Главный врач Яузской больницы статский советник Березкин долго не мог уразуметь того, что говорил ему Жеребцов. Поняв же, долго и заразительно хохотал. Сделал необходимые распоряжения и крепко пожал Жеребцову руку:
– Если этот человек от страха умрет на препаровальном столе, то это все равно пойдет на пользу людям!
…И вот убийца и грабитель лежал на столе, а вокруг с реберным ножом – тем самым, которым было совершено преступление, – прохаживался человек в окровавленном переднике. Наметив линию от кадыка до лобка, он поднял руку, чтобы сделать первый надрез, и вдруг страшным голосом гаркнул на окружающих:
– А ну, назад! Сейчас кровь струей брызнет, всех зальет.
Преступник мелко задрожал, выпучивая белки с красными прожилками, в немом ужасе широко открывая щербатый рот и издавая что-то вроде шипения. Человек в переднике ножом нажал на подбородок:
– Голову не опускай! Извиняй, придется с полчасика потерпеть. Зато внутренности свои посмотришь – не каждый день такое удается. Ну, прощевай, на том свете, может, свидимся…
Дикий вопль прорезал ночную тишину – это у вскрываемого появился голос. Он, ерзая спиной по металлической обивке стола, орал:
– Не надо, как на духу… все скажу! Родился в Чердыне, а убег из пермской тюрьмы, содержался за убивство! А этот самый Давгаров… сам меня подговорил… Ножик медицинский? Давно уж у меня. Спер у врача сак, а он там… Колбасу я им резал. Бриллианты? Каморку мне на время предоставил инженер Шухов, дом нумер 47 на Смоленском бульваре. Там в подвале под половицу и засунул, чтоб мне провалиться!

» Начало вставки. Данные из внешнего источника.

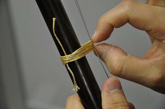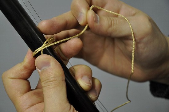 前回も触れましたが、千斤の装着位置には諸説あります。胴体に肘を載せ、腕を棹に平行に添わせて、小指のつけ根辺りに千斤を装着する方法。また、棹の長さや蛇皮の状態に合わせて、最も良い音色が出る位置を特定し千斤を装着する方法など、適切な千斤の位置を決める方法は、製作者や演奏者によって異なります。

«Патологоанатом» сдернул маску с лица – это был, конечно, Митрофанов. Соколов с чувством пожал ему руку:
– Свою роль вы исполнили с блеском! – и повернулся к Жеребцову: – Николай, отвяжи этого…
Жеребцов, исполняя приказ, ворчал на убийцу:
– Что ж ты, паразит, всю мебель медицинскую обделал? А еще из себя героя корчил. Держи тряпку, вытирай.
Суд отправил беглого убийцу на Сахалин – на двадцать лет.
Вся эта история сделала счастливым лишь одного человека – старого Гофштейна. О нем написали газеты, а из полицейской кассы ювелир получил в награду двести рублей – премия за помощь в поимке преступника.
Гофштейн чуть ли не каждому показывал газеты, при этом не упуская случая сказать:
– Эти двести рублей помогут моей бедной старости, как мертвому кадило. – И обязательно добавлял: – А все-таки приятно.
В его голосе звучали нотки довольства собой.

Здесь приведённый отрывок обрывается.